LGBT flag decision "contradicts much of the actual work and objectives of the FCO"
The MPs call for specific human rights objectives to be included in business plans for the UK's overseas network, and says staff objectives should include explicit references to human rights goals, even for diplomats not working directly on human rights issues.
The committee welcomes the decision to double the FCO's annual funding for its dedicated human rights and democracy programme – dubbed the Magna Carta Fund for Human Rights and Democracy – but warns that it could be too focused on countries in need of Official Development Assistance (ODA), with little money left to support projects in comparatively wealthy countries including Saudi Arabia, Israel and Russia.

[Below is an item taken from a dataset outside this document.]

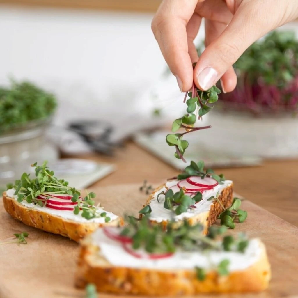 Gartenkresse, Alfalfa Sprossen, Weißer Senf, Daikon Rettich, Rucola, Brokkoletti (Ur-Brokkoli), Japanischer Senfkohl (Mizuna Red), Radies (China Rose)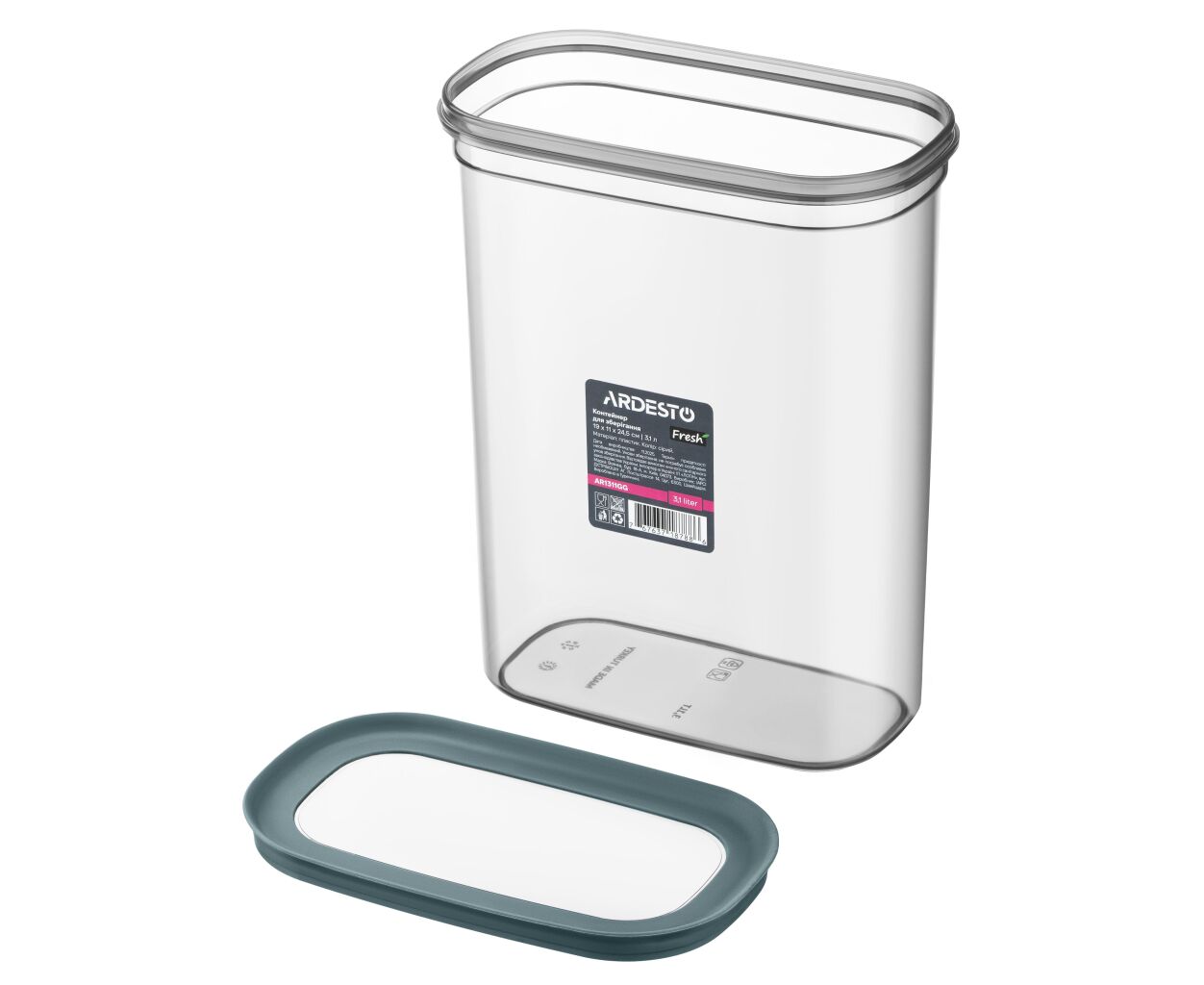 Характеристики Харчовий контейнер Ardesto Fresh 3.1л, пластик, прямокутна, сірий (AR1311GG)

And the MPs are also critical of the FCO's decision not to fly the LGBT Rainbow Flag during London Pride in 2015, a reversal of the policy of the previous foreign secretary William Hague, and something the committee warns has put the FCO out of step with "numerous other government departments" and "sent a message that contradicts much of the actual work and objectives of the FCO".

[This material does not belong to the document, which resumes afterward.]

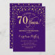 70.ª Invitación a la fiesta de cumpleaños. Elegante diseño con un falso oro purpurina y morado. ¡Saludos a 70 años! Mándame un mensaje si necesitas más personalización.

The report calls on the FCO to u-turn on that policy, and says embassies based in countries that display an "intolerance of equality around sexuality", should fly the Rainbow Flag alongside the Union Flag on the dedicated International Day Against Homophobia, Transphobia and Biphobia.
Blunt: It is "extremely difficult to hold the Foreign Office to account for its spending"

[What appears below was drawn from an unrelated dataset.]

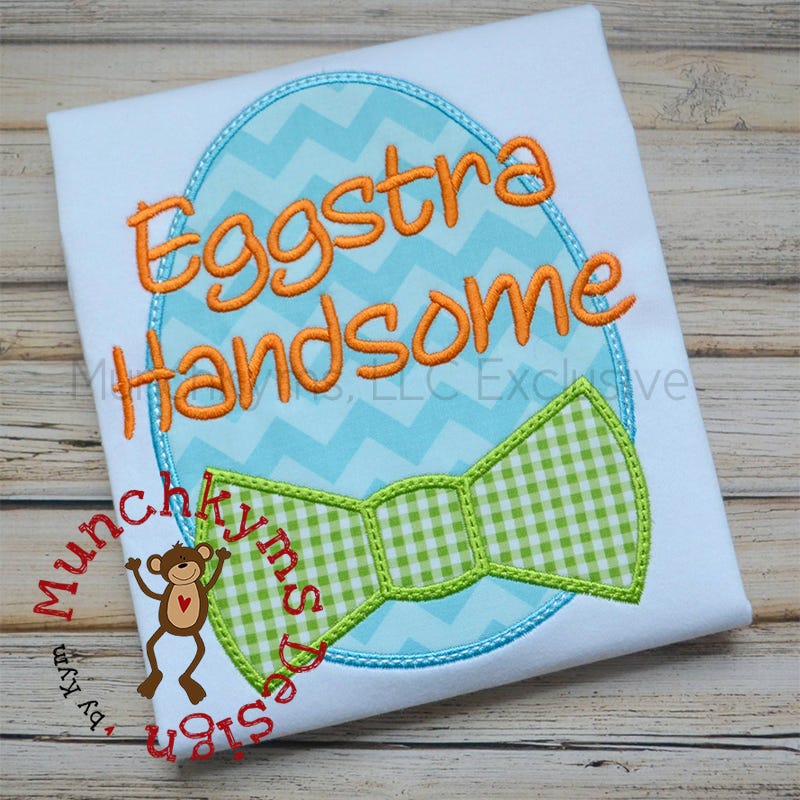 Shown customized text "Eggstra Handsome" for idea purposes only, font not included.

Elsewhere in the report, the committee urges the FCO to take a leaf out of the Department for International Development's (DfID) book when presenting its annual human rights and democracy report.
While the report has won plaudits from some human rights groups for helping to open up the FCO's work to scrutiny, the committee says more could be done to make the document accessible and user-friendly.
The MPs point to DfID's online development tracker – which is regularly updated to allow taxpayers to see where aid spending goes – as an example the FCO could emulate.
"In the absence of measurable targets for the department’s human rights and democracy work, it is extremely difficult to hold the Foreign Office to account for its spending and to assess whether projects deliver value for money," said Blunt.
"We will keep the FCO’s human rights work under review over the course of this parliament to ensure that it receives the focus that it requires.”
Responding to the committee's report, foreign secretary Philip Hammond said he did "not recognise this characterisation of our human rights work".
He added: "Improving human rights is a core function of the Foreign Office and is the responsibility of every British diplomat around the world.
“The UK supports over 75 human rights projects in more than 40 countries and this year we are doubling the funding available for human rights projects to £10 million – a true measure of the importance we attach to this agenda.
“By mainstreaming human rights within the Foreign Office, we have ensured it will always be a central part of our diplomacy, delivering tangible results.”
The FCO received a better-than-expected settlement at last year's government-wide Spending Review. Having modelled cuts of between 25% and 40% to its day-to-day spending, the department was ultimately spared the axe, with the Treasury opting to protect its budget.
As part of that deal, the FCO has vowed to make £53m-worth of administrative savings over the course of the parliament, with McDonald currently leading a review dubbed "Future FCO" to help the department become "more expert, more flexible and more forthright".